Start of SUPPLIED ENTRIES

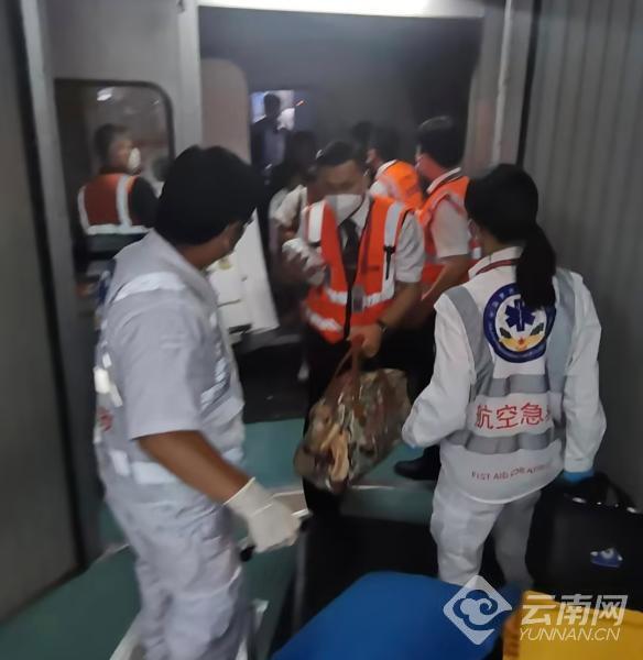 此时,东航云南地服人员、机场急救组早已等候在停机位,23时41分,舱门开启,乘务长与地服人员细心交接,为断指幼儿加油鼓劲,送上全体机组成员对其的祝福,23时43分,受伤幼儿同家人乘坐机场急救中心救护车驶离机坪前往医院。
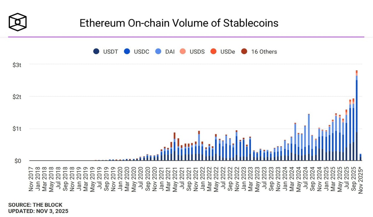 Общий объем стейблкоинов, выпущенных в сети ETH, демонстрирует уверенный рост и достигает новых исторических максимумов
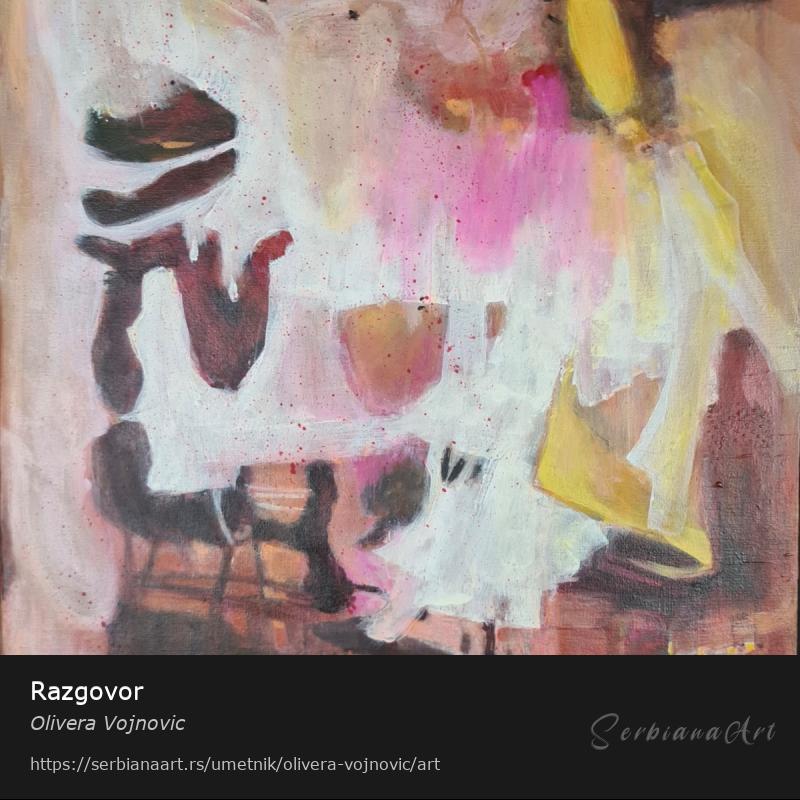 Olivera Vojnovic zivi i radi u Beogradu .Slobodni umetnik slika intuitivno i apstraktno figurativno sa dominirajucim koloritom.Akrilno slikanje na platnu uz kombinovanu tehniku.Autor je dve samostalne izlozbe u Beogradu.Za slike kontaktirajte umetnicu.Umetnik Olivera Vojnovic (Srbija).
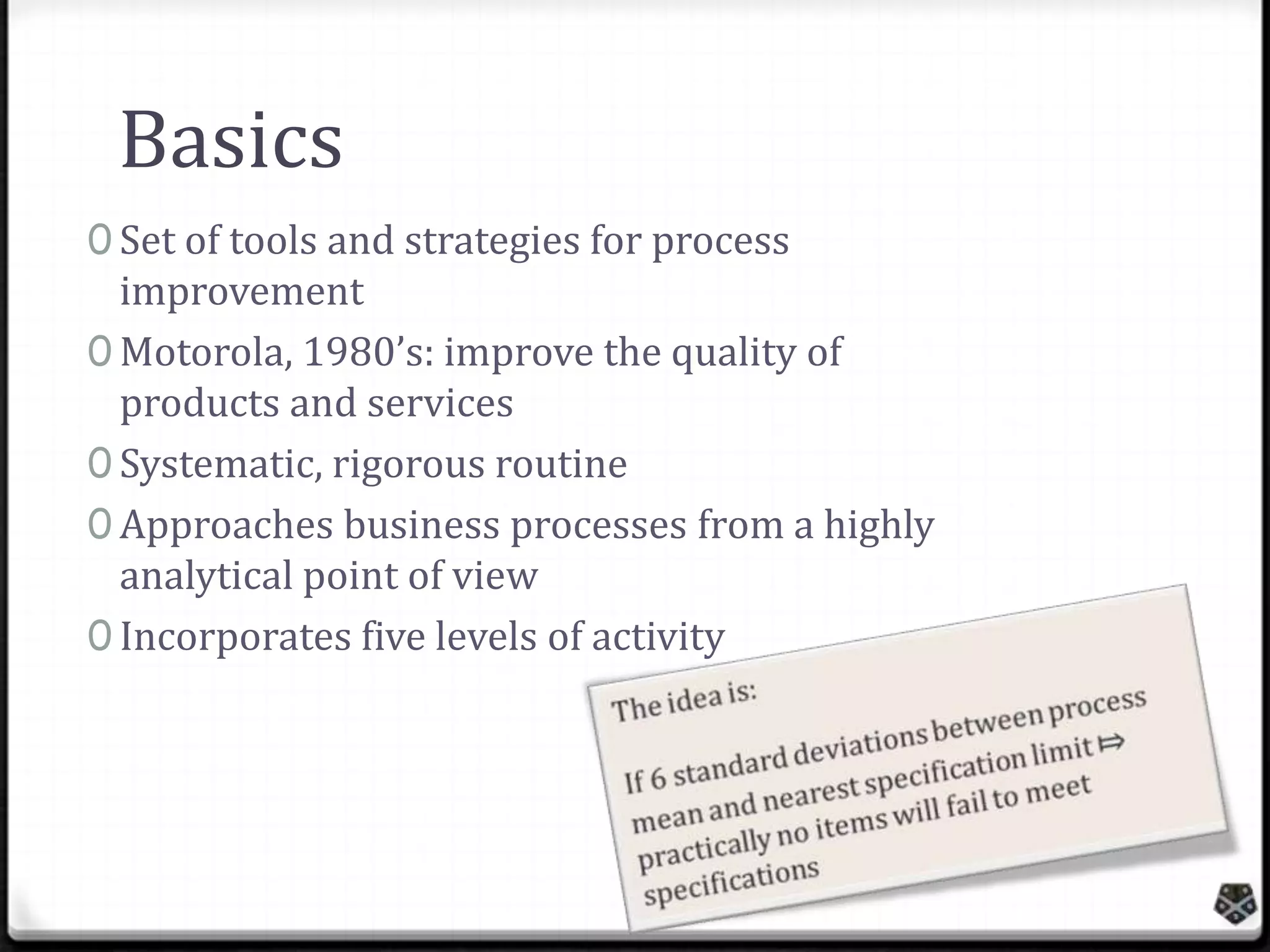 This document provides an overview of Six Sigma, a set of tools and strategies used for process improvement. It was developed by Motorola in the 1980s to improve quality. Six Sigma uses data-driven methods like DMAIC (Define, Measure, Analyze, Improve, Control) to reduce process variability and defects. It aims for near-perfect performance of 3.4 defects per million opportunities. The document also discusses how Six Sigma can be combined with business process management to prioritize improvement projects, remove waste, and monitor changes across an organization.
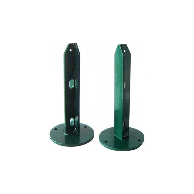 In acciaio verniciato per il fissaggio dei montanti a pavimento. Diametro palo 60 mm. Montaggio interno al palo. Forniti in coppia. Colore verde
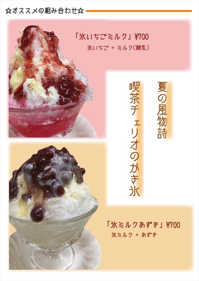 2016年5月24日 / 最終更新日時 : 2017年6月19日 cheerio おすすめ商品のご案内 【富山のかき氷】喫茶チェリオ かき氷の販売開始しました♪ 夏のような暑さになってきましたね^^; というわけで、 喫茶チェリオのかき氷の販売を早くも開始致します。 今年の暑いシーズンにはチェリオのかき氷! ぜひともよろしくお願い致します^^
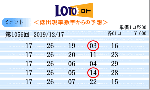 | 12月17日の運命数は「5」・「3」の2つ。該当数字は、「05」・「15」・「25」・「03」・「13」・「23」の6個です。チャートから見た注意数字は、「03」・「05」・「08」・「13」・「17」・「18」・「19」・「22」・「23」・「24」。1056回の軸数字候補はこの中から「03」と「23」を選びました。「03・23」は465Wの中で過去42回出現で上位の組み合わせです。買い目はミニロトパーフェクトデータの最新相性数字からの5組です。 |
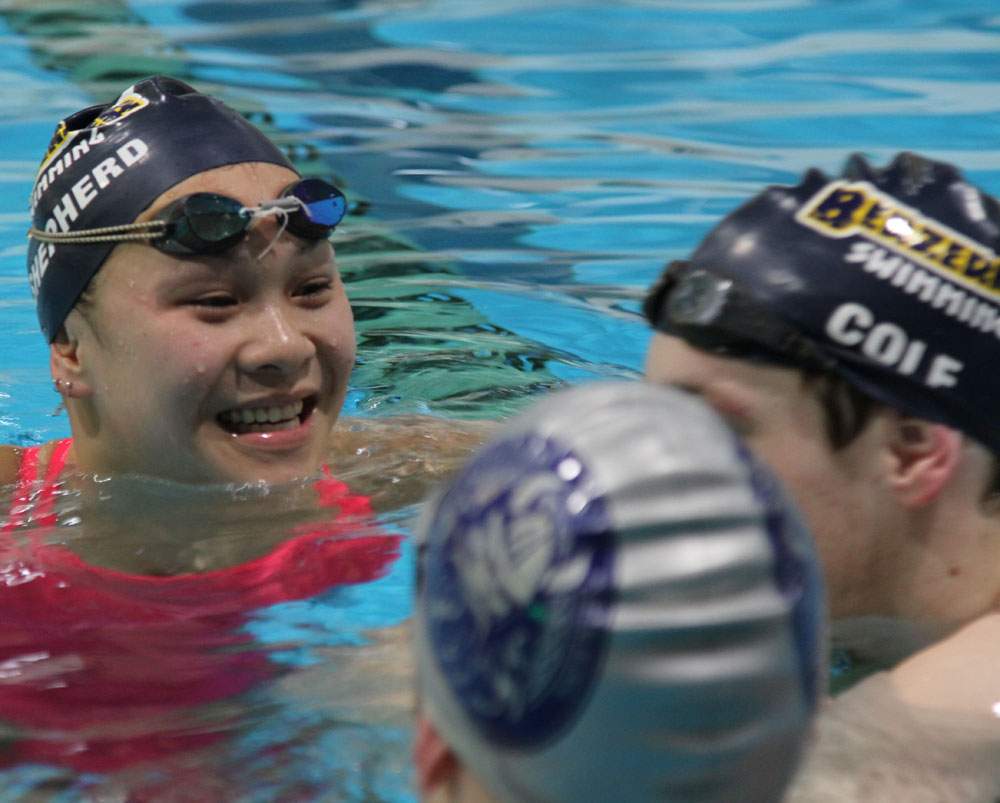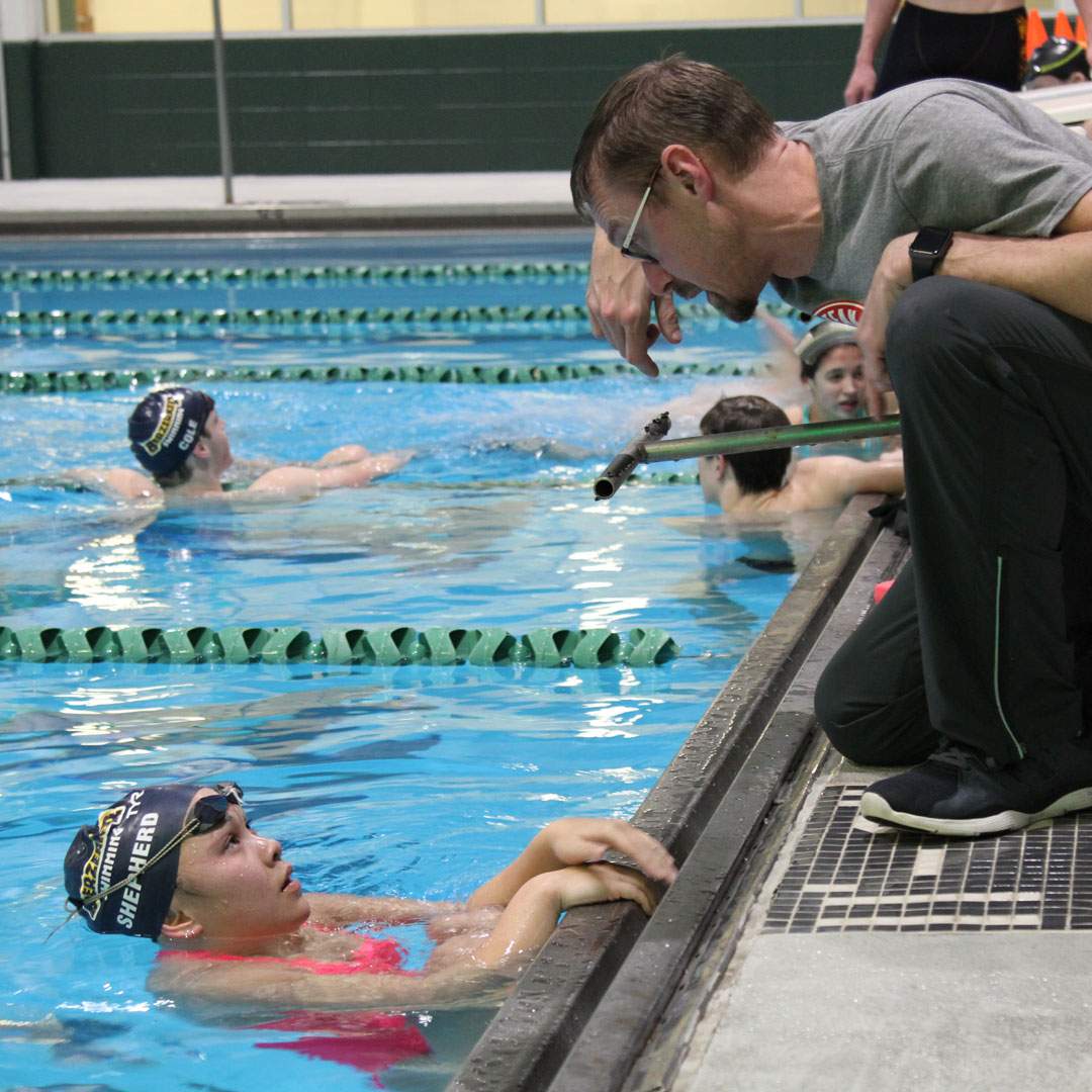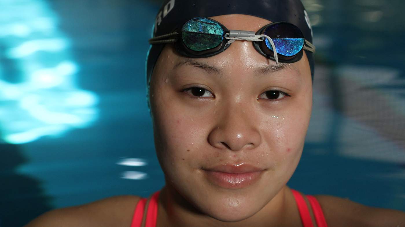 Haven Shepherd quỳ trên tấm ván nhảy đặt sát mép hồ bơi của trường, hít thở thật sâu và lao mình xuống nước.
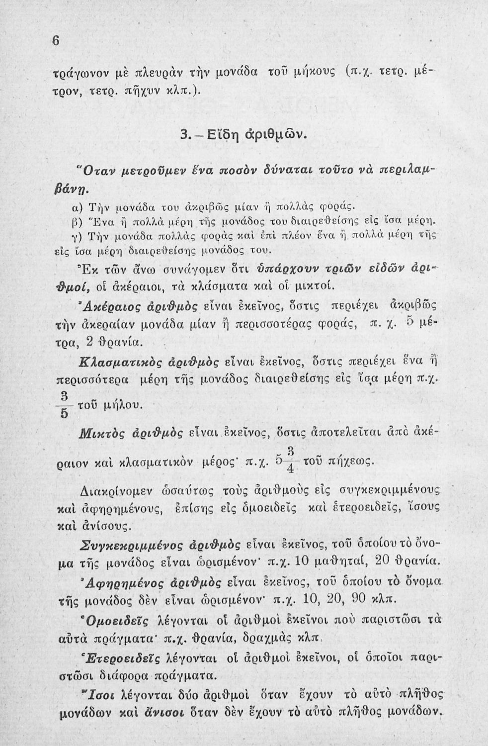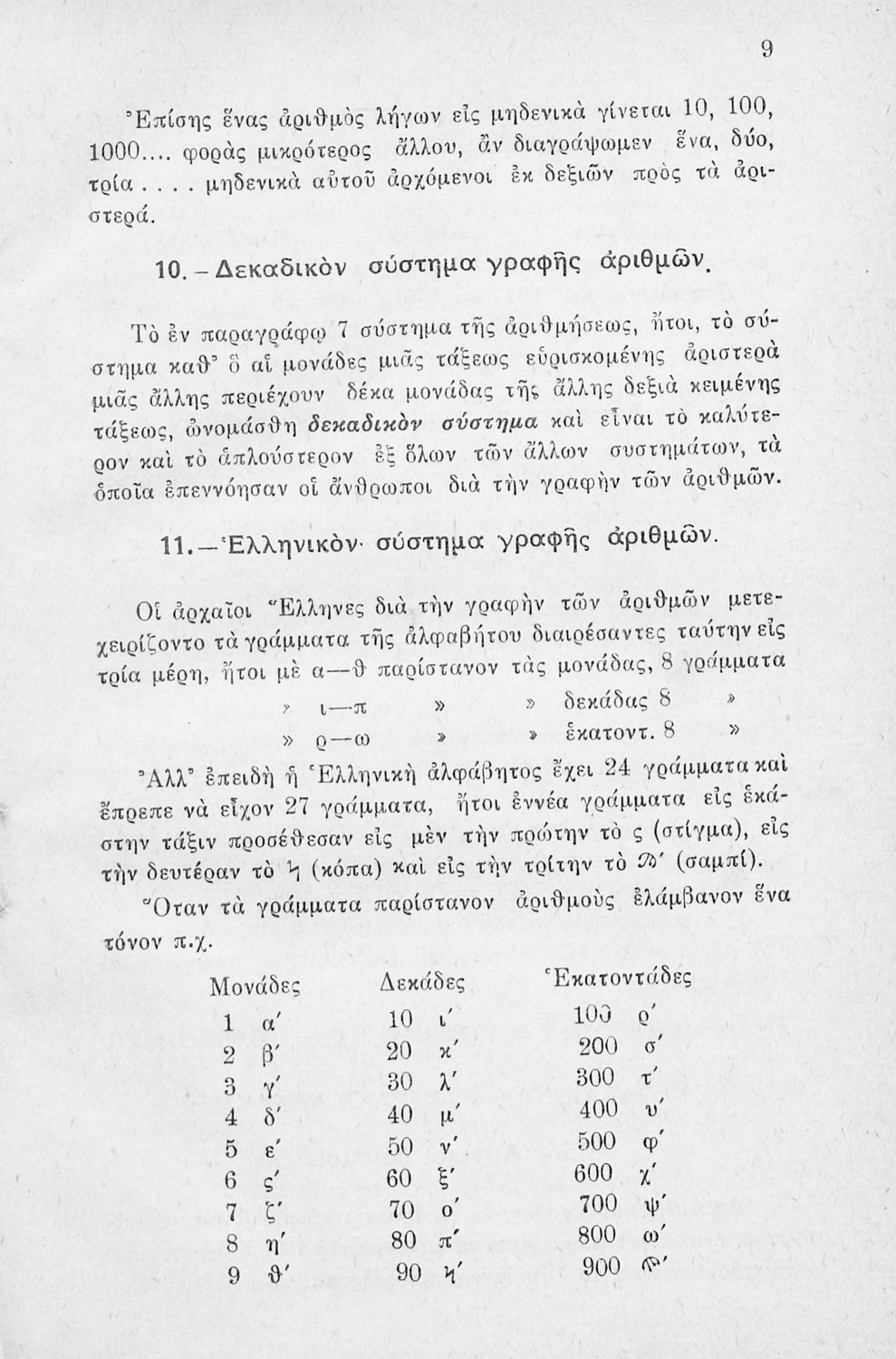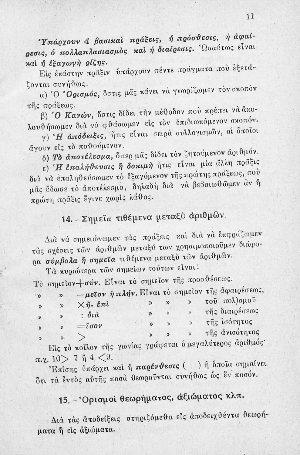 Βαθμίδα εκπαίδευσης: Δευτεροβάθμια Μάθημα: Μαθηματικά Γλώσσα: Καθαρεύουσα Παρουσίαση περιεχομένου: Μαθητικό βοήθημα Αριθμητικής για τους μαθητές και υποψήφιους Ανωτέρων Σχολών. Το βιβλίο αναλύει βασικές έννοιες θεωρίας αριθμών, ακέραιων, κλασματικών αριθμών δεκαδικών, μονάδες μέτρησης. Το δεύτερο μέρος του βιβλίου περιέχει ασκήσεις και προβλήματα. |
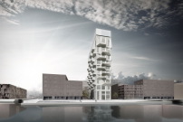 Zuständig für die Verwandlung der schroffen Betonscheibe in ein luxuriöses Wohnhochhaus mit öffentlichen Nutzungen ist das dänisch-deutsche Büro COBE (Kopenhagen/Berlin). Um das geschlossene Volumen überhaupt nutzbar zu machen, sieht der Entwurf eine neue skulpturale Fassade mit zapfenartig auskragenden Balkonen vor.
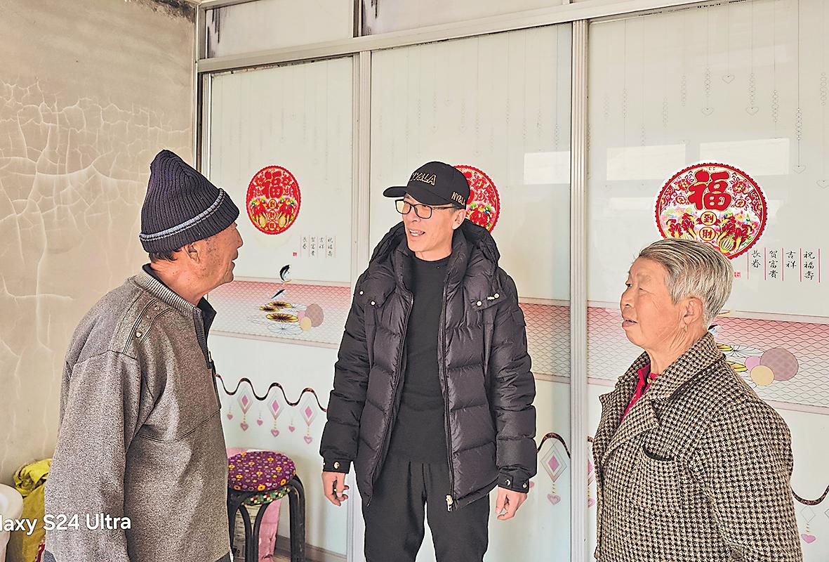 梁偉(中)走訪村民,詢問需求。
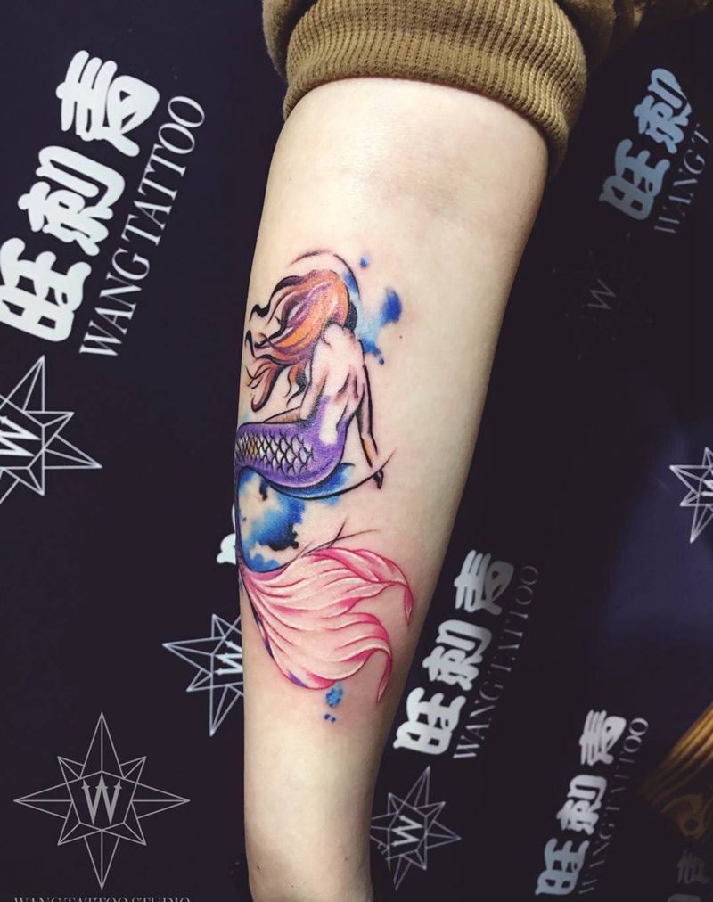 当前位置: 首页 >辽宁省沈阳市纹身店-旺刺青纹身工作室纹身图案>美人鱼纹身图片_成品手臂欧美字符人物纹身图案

End of SUPPLIED ENTRIES

TASK INSTRUCTIONS:
Leave the pictures out and reproduce exactly the lines from the top of the listing above through the line with "Olivera Vojnovic zivi".

COMPLETED EXERCISE:
 此时,东航云南地服人员、机场急救组早已等候在停机位,23时41分,舱门开启,乘务长与地服人员细心交接,为断指幼儿加油鼓劲,送上全体机组成员对其的祝福,23时43分,受伤幼儿同家人乘坐机场急救中心救护车驶离机坪前往医院。
 Общий объем стейблкоинов, выпущенных в сети ETH, демонстрирует уверенный рост и достигает новых исторических максимумов
 Olivera Vojnovic zivi i radi u Beogradu .Slobodni umetnik slika intuitivno i apstraktno figurativno sa dominirajucim koloritom.Akrilno slikanje na platnu uz kombinovanu tehniku.Autor je dve samostalne izlozbe u Beogradu.Za slike kontaktirajte umetnicu.Umetnik Olivera Vojnovic (Srbija).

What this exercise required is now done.